On the other hand, for a stream-of-blocks the communication between the producer and the consumer is modeled as a stream of array-like objects, providing several advantages over array transfer through PIPO.
The use of stream-of-blocks in your code requires the following include file:
#include "hls_streamofblocks.h"
The stream-of-blocks object template is: hls::stream_of_blocks<block_type, depth> v
Where:
-
<block_type>
specifies the datatype of the array or multidimensional array held by the stream-of-blocks -
<depth>
is an optional argument that provides depth control just likehls::stream
or PIPOs, and specifies the total number of blocks, including the one acquired by the producer and the one acquired by the consumer at any given time. The default value is 2 -
v
specifies the variable name for the stream-of-blocks object
Use the following steps to access a block in a stream of blocks:
- The producer or consumer process that wants to access the stream
first needs to acquire access to it, using a
hls::write_lock
orhls::read_lock
object. -
After the producer has acquired the lock it can start writing (or reading) the acquired block. Once the block has been fully initialized, it can be released by the producer, when the
write_lock
object goes out of scope.Note: The producer process with a
write_lock
can also read the block as long as it only reads from already written locations, because the newly acquired buffer must be assumed to contain uninitialized data. The ability to write and read the block is unique to the producer process, and is not supported for the consumer. - Then the block is queued in the stream-of-blocks in a FIFO fashion,
and when the consumer acquires a
read_lock
object, the block can be read by the consumer process.

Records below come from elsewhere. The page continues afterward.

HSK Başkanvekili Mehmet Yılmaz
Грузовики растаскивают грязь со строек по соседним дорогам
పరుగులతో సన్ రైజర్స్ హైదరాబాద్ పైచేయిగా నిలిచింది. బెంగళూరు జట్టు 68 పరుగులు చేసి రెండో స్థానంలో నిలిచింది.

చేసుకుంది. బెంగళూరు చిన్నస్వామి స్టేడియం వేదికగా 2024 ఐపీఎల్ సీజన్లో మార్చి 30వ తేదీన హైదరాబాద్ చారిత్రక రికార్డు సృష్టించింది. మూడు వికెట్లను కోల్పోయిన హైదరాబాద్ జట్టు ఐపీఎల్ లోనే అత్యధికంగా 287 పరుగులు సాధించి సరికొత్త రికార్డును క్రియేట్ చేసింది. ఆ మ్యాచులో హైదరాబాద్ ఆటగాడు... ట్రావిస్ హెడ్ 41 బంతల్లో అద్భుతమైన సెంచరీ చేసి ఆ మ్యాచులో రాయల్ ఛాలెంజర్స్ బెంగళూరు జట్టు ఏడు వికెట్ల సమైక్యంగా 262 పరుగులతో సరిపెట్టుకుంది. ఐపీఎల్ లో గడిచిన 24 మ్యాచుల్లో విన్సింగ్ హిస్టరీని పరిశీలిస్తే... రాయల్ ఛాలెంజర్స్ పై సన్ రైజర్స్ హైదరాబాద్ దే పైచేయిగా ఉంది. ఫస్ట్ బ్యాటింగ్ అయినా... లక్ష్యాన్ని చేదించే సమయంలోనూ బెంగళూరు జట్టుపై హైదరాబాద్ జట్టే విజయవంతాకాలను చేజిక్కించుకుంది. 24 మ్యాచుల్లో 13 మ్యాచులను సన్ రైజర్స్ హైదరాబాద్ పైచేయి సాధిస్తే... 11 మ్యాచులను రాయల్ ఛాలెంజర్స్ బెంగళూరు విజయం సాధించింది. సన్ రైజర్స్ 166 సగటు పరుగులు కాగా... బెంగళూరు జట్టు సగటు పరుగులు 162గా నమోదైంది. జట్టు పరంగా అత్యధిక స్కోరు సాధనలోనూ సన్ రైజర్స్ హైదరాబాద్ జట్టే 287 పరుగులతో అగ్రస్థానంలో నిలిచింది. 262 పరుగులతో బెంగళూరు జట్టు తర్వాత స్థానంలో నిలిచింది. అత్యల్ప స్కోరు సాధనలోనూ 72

The main difference between hls::stream_of_blocks
and the PIPO mechanism seen in the prior examples is
that the block becomes available to the consumer as soon as the write_lock
goes out of scope, rather than only at the return of the
producer process. Hence the size of storage required to manage the original example
(without the dataflow loop) is much less with stream-of-blocks than with just PIPOs:
namely 2N instead of 2xMxN in the example.
Rewriting the prior example to use hls::stream_of_blocks
is shown in the example below. The producer acquires
the block by constructing an hls::write_lock
object
called b
, and passing it the reference to the
stream-of-blocks object, called s
. The write_lock
object provides an overloaded array access
operator, letting it be accessed as an array to access underlying storage in random
order as shown in the example below.
The acquisition of the lock is performed by constructing the write_lock
/read_lock
object, and the release occurs automatically when that object is destructed as it goes
out of scope. This approach uses the common Resource Acquisition Is
Initialization (RAII) style of locking and unlocking.
#include "hls_streamofblocks.h"
typedef int buf[N];
void producer (hls::stream_of_blocks<buf> &s, ...) {
for (int i = 0; i < M; i++) {
// Allocation of hls::write_lock acquires the block for the producer
hls::write_lock<buf> b(s);
for (int j = 0; j < N; j++)
b[f(j)] = ...;
// Deallocation of hls::write_lock releases the block for the consumer
}
}
void consumer(hls::stream_of_blocks<buf> &s, ...) {
for (int i = 0; i < M; i++) {
// Allocation of hls::read_lock acquires the block for the consumer
hls::read_lock<buf> b(s);
for (int j = 0; j < N; j++)
... = b[g(j)] ...;
// Deallocation of hls::write_lock releases the block to be reused by the producer
}
}
void top(...) {
#pragma HLS dataflow
hls::stream_of_blocks<buf> s;
producer(b, ...);
consumer(b, ...);
}
The key features of this approach include:
- The expected performance of the outer loop in the producer above is to achieve an overall Initiation Interval (II) of 1
- A locked block can be used as though it were private to the producer or the consumer process until it is released.
- The initial state of the array object for the producer is undefined, whereas it contains the values written by the producer for the consumer.
- The principal advantage of stream-of-blocks is to provide overlapped execution of multiple iterations of the consumer and the producer to increase throughput.